If it has taken this long to confirm them, these must have been controversial nominees, and these must have been tough votes and close votes for the Senate, one would think. Well, let's take a look--bearing in mind that it takes 51 votes to be confirmed by the Senate.
Sixteen of these nominees who have been held over, filibustered, or delayed were subsequently approved when they came to a vote by more than 90 votes in the Senate. Again, sixteen of the filibustered nominees passed the Senate with votes of more than 90. Another 10 have been approved with more than 80 votes--bear in mind that it only takes 51 to get confirmed--and 3 more with more than 70 votes. That is 29 out of those 31 nominees who, when they finally came to their vote, were approved overwhelmingly, by enormous bipartisan majorities, in the Senate. They have spent 106.6 days, on average, waiting to be confirmed by those vast majorities--waiting to be confirmed overwhelmingly.

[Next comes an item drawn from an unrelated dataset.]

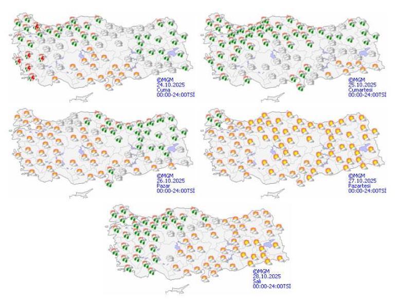 Meteoroloji Genel Müdürlüğü tarafından yapılan tahminlere göre: Ülkemiz genelinin parçalı, yer yer çok bulutlu, Marmara, Ege, Batı Akdeniz, Doğu Akdeniz’in Toroslar mevkii, Batı Karadeniz, Orta Karadeniz (Ordu hariç), Doğu Karadeniz'in iç kesimleri, Doğu Anadolu'nun kuzey ve batısı, Eskişehir, Ankara, Çankırı, Sivas, Çorum, Bitlis ve Van çevrelerinin yağmur ve sağanak, batı kesimlerin yer yer gök gürültülü sağanak, Doğu Karadeniz’in iç kesimlerinin yüksekleri ile Doğu Anadolu’nun kuzeydoğusunun yükseklerinin karla karışık yağmur ve yer yer kar yağışlı geçeceği tahmin ediliyor. Yağışların; Kuzey Ege kıyıları ile Edirne'nin ve Kırklareli’nin güneyi, Tekirdağ’ın batısı ve Çanakkale çevrelerinde yer yer kuvvetli olması bekleniyor.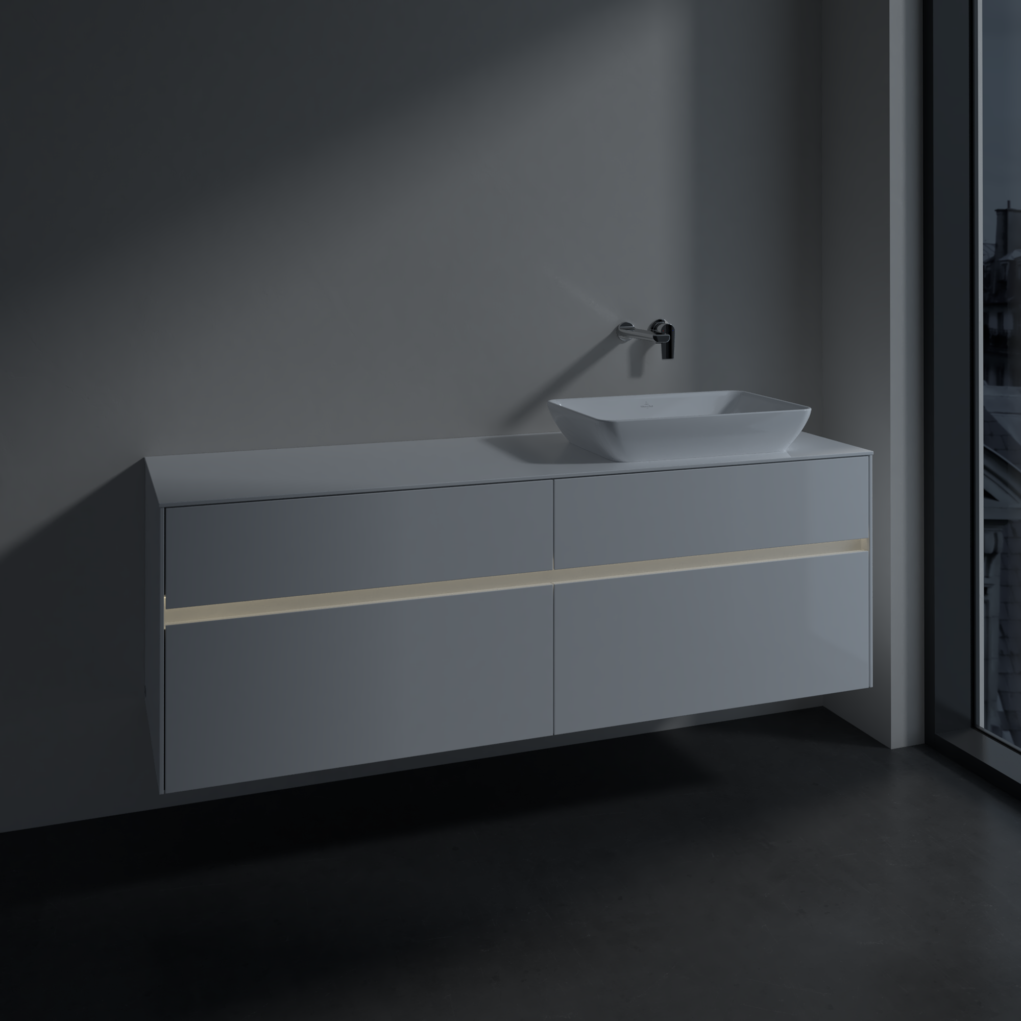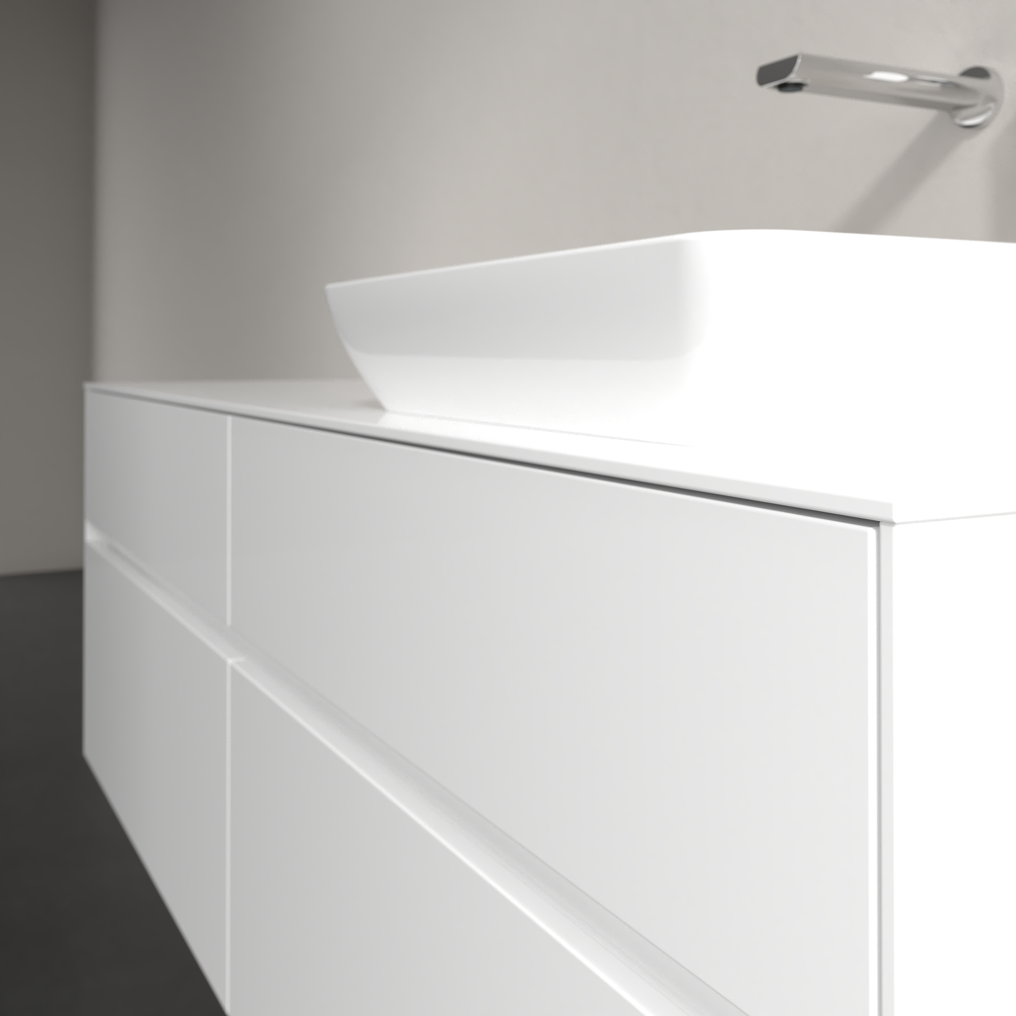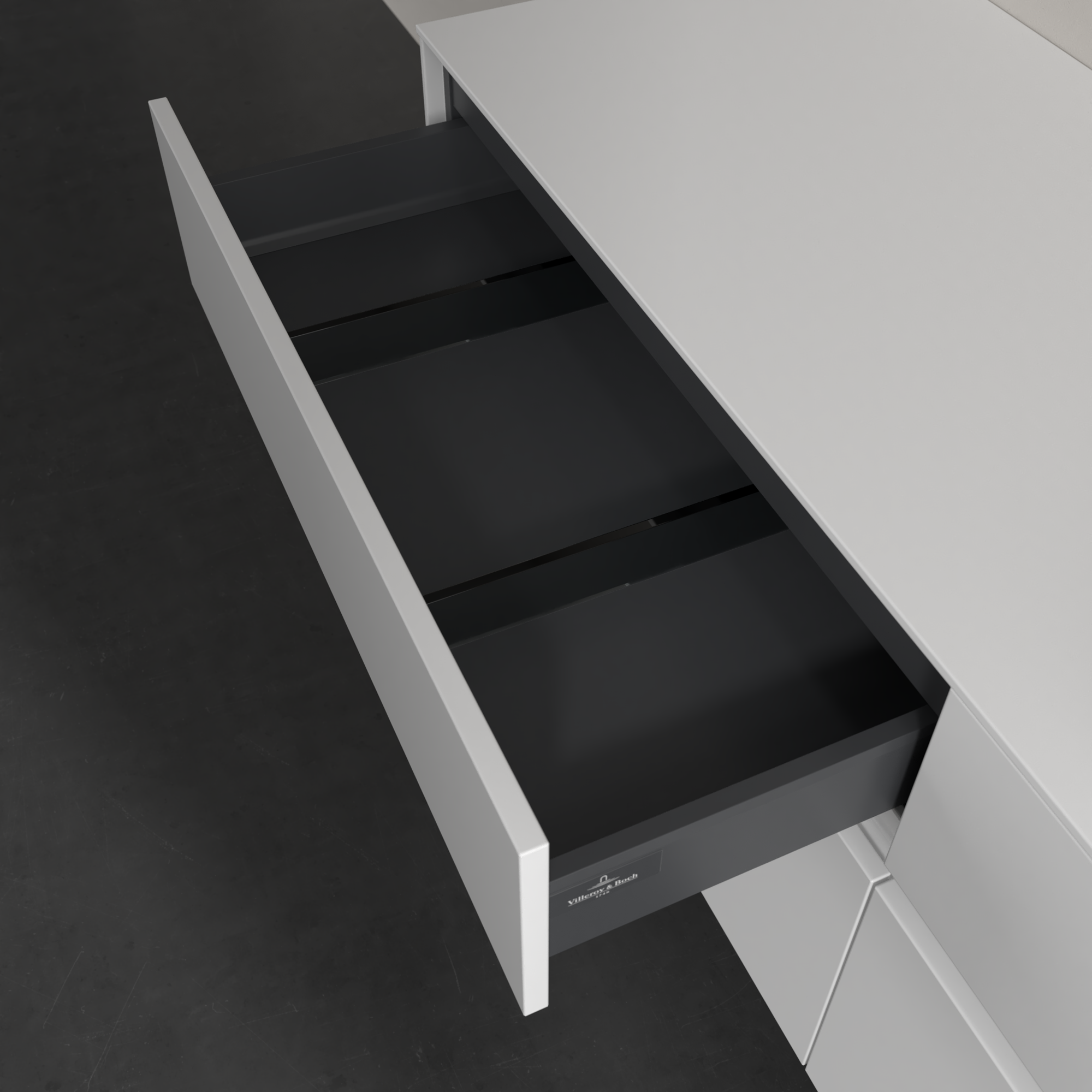Collaro Meuble sous plan, avec éclairage, 4 tiroirs sur rails, 1600x548x500mm, Caisson: Glossy White, Façade: Glossy White

The only conclusion that a rational mind can draw from this is that this is not about controversial nominees; this is about politics, plain and simple--the bare knuckles politics of obstruction, the kind of politics that says I don't care if you are qualified for the job for which you were nominated. I don't care that the Department of State or the Department of Homeland Security needs you for a critical job. I don't care. You are going to sit on the Senate calendar for months and months and months so that I can score political points against the President, so that I can inhibit the deployment of this elected President's administration into the office of the government.
Well, that is wrong and it needs to stop.
As of Monday, the Executive Calendar contained the names of 101 nominees--101 individuals for critical jobs in agencies all across the government that are now sitting on the Senate's Executive Calendar waiting and waiting. I want to address some of the judges who have been waiting for a long time, and I will ask that their nominations be called up and approved.
Mr. President, I will start with Judge Albert Diaz and Judge James Wynn, a pair of judges who are Fourth Circuit Court of Appeals nominees. So I will call up Executive Calendar Nos. 656 and 657, the nominations of Judges Albert Diaz and James Wynn, nominees to the U.S. Court of Appeals for the Fourth Circuit.
Let me tell you who they are. Judge Diaz currently serves on North Carolina's Special Superior Court for Complex Business Cases. He was reported out of the Judiciary Committee on January 28, 2010, by a vote of 19 to 0. He has served in the Marine Corps and has 9 years of State court judicial experience.
Judge James Wynn was reported out of the Judiciary Committee the same day, January 28, 2010, by a vote of 18 to 1. He currently sits on the North Carolina Court of Appeals, the State's intermediate appellate court. He is a certified military trial judge and a captain in the U.S. Navy Reserve.